Quando foi convidada a fazer um espectáculo no âmbito do programa municipal Cultura em Expansão, a actriz e encenadora, que diz ter “uma obsessão em ir à raiz das coisas”, dirigiu-se de imediato ao Arquivo Municipal do Porto. Ainda não sabia exactamente o que procurava, mas tinha papel, caneta e vontade de se atirar à memória das ruas do Porto. Pegou n’As ruas do PôrtoRelatório da Comissão de Toponímia (1935), que regista a primeira reunião da comissão para mapear a cidade. Leu as 68 páginas de um só fôlego e encontrou nelas a inquietação para arrancar com Todos os Dias me Sujo de Coisas Eternas, que se estreia na sexta na Casa d'Artes do Bonfim. “Discutem-se ruas que estão por nomear e, ao longo de duas páginas, há várias propostas onde não consta uma única mulher.”

A falta de representação feminina na toponímia do Porto levou a encenadora a acumular mais documentos em busca de mulheres. “Se as ruas imortalizam pessoas importantes para a cidade, onde é que estão as mulheres em 1935?”, questiona. “Os homens eram filhos de quem?”. Consultou o Prontuário de Toponímia Portuense, dois volumes maciços “onde passam centenas de páginas sem o nome de uma mulher” e que contrastam largamente com a fina lombada da Toponímia Feminina Portuguesa. “Só 5% das ruas do Porto têm nomes de mulheres, sendo que grande parte destas são santas e nomes ou adjectivos que não são nomes próprios”, explica Sara Barros Leitão, notando que a acentuada diferença começa nas histórias incompletas registadas. “Temos uma série de revoltas onde as mulheres estiveram nas linhas da frente”, assinala a criadora, dando como exemplo o 31 de Janeiro ou a recepção popular a Humberto Delgado. “Elas estiveram lá, mas nos livros de História só saem à rua em contexto de grupo, como os tanques de lavar a roupa.”

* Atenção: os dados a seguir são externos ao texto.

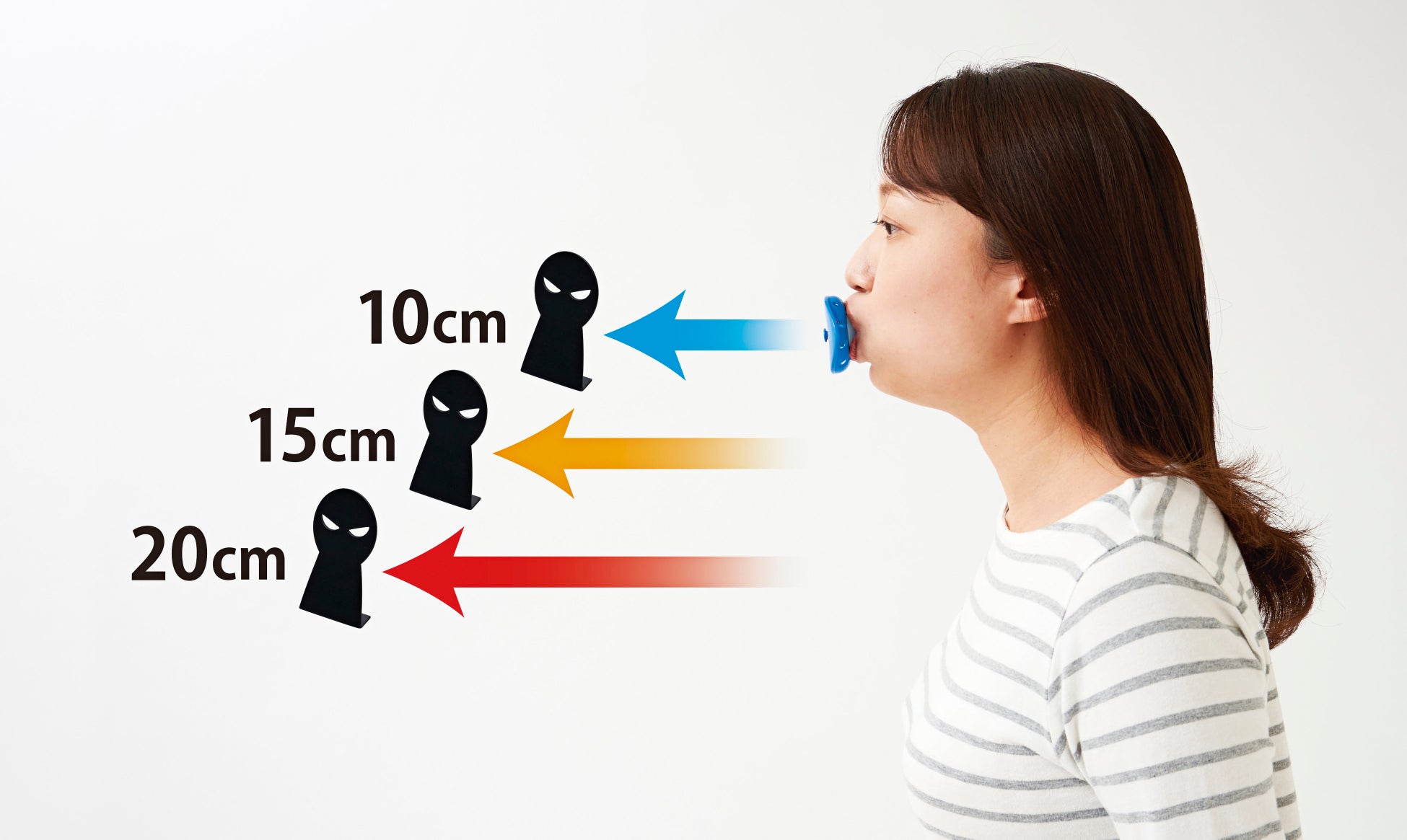 口にくわえて息を吹くとプロペラが回る構造。付属のスタンドに向かって息を吹きかけ倒すことで楽しく腹式呼吸を意識できます。

Para contornar o caos informativo da pesquisa, Sara Barros Leitão desenhou uma “viagem emocional por estes materiais” em forma de monólogo. Foi, precisamente, entre os papéis que despertou para algumas reflexões presentes na peça. Enquanto folheava a Toponímia Feminina Portuense, apercebeu-se da existência de ruas com nomes de mulheres que abriam outras ruas com nomes de mulheres: como a Rua Maria Lamas, que dá para as ruas Sarah Afonso e Adelaide Estrada. “É como se, simbolicamente, as mulheres abrissem caminho umas para as outras, porque as ruas são caminhos”. Embora “não tivesse fundo verídico”, foi encontrando argumentos a favor da sua tese pela cidade fora. Prova disso foi o encontro com a estátua da violoncelista Guilhermina Suggia, em Ramalde, que destoa completamente de figuras como a Menina Nua, nos Aliados, ou Ana Plácido em Amor de Perdição, na Cordoaria. “Ela está vestida e representada pela sua arte. Está a fazer outra coisa que não a inspirar alguém.” E viu que, ao contrário das anteriores, Suggia foi imortalizada por outra mulher, a escultora Irene Vilar.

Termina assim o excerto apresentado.